Contra qualquer opressão, “Admirável gado novo” é um alerta. Por todo afeto filial, “Avôhai” é um tratado. Pelos rompimentos e despedidas, “Chão de giz” é uma ode. Zé Ramalho, com sua poesia complexa e tão popular, é resistente ao tempo. E em 45 anos permanece atualíssimo. Considerado um dos mais importantes cantores e compositores brasileiros, José Ramalho Neto, o paraibano de Brejo da Cruz, fez popular sua lírica de termos incomuns, como o grão-vizir de “Chão de giz”: “Disparo balas de canhão/ é inútil pois existe um grã-vizir”, que faz referência à mais alta autoridade depois do sultão no Império Otomano, responsável pela extinção do Império Bizantino no século XV.
Prova de sua atualidade é a inclusão de “Entre a serpente e a estrela” na novela das 21h “O sétimo guardião”. “Escrita por Aldir Blanc para a trilha sonora da novela ‘Pedra sobre pedra’, exibida de janeiro a agosto de 1992 pela TV Globo, a versão intitulada ‘Entre a serpente e a estrela’ fez sucesso no registro cavernoso de Zé Ramalho e reanimou a carreira do cantor paraibano, que até então atravessava período de baixa visibilidade no mercado fonográfico”, comenta o crítico musical Mauro Ferreira, em seu blog no G1, acrescentando, ainda: “Decorridos 26 anos, Zé Ramalho está em alta no mercado, fazendo shows por todo o Brasil”.

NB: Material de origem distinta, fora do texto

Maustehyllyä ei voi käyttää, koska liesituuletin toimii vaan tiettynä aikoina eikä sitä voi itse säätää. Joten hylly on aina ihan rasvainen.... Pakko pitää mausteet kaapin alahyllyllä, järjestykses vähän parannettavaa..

Neste sábado, o pouso de Zé Ramalho é em Juiz de Fora, no Terrazzo, às 23h30, quando toca os sucessos que marcaram sua trajetória. A abertura fica por conta das apresentações do DJ Marcelo Castro, às 22h, e do cantor de Belo Horizonte Denilson Mabuzy, às 23h. Quem faz o encerramento é a banda Eminência Parda, que gravou “Avôhai” no álbum “Avôhai – 40 anos – Remake pop rock”, lançado em 2018. O disco, que tem Zé Ramalho como diretor artístico, comemora a estreia solo do paraibano em regravações executadas por bandas independentes do país.

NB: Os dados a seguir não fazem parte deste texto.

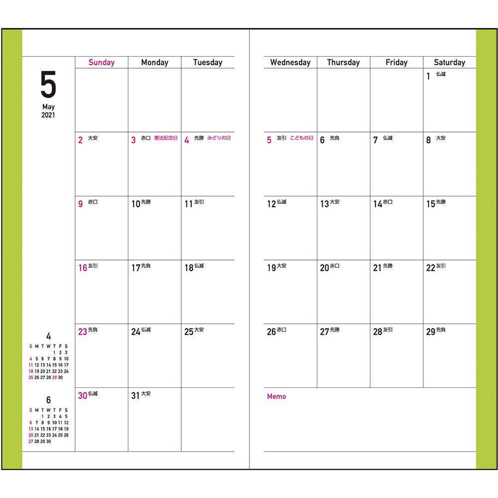 カレンダーとリンクさせるのに便利な、日曜始まりタイプです。

Acompanhado no show de Juiz de Fora pela Banda Z, formada por Chico Guedes no contrabaixo, Zé Gomes na percussão, Vladimir Oliveira nos teclados, Edu Constant na bateria e Toti Cavalcanti nos sopros, Zé Ramalho resgata clássicos como “Garoto de aluguel”, “Vila do sossego”, e, lógico, “Avôhai”, “Frevo mulher”, “Admirável gado novo” e “Chão de giz”. Também faz sua própria leitura de “Gita” e “Medo da chuva”, ambas de Raul Seixas. “Eu transo com as plateias espiritualmente”, comenta o músico, em entrevista disponível em seu canal no YouTube, no qual fala de seus processos e visões. “Acho que as artes todas se unem, são conectadas e todas inspiram uma a outra”, comenta, pontuando que algumas de suas criações se ligam especialmente ao cinema.
Letras impregnadas de psicodelismo
Em 2019, Zé Ramalho completa sete décadas de vida. Num percurso grandilouquente, soma 19 álbuns de estúdio, sete discos com regravações de Beatles a Jackson do Pandeiro, e seis DVDs. Seu mais recente trabalho é “Zé Ramalho na Paraíba”, no qual celebra os 40 anos que se passaram desde seu reconhecimento nacional, com o álbum “Zé Ramalho”, de 1978. O pique de hoje é o mesmo de ontem. “O gesto de colocar a correia da guitarra no pescoço, toda vez eu achava aquilo o máximo, achava maravilhoso, era como se eu estivesse colocando uma couraça, que me dava uma aura de poder. Tocar guitarra, e cantar, e fazer vocal, eu achava o máximo”, diz Zé, em rara entrevista, em seu canal no YouTube, na qual também fala sobre suas referências, dentre elas a poesia. Segundo ele, foram poucas as vezes em que se emocionou tanto quanto lendo um poema de Drummond ou Vinícius de Moraes.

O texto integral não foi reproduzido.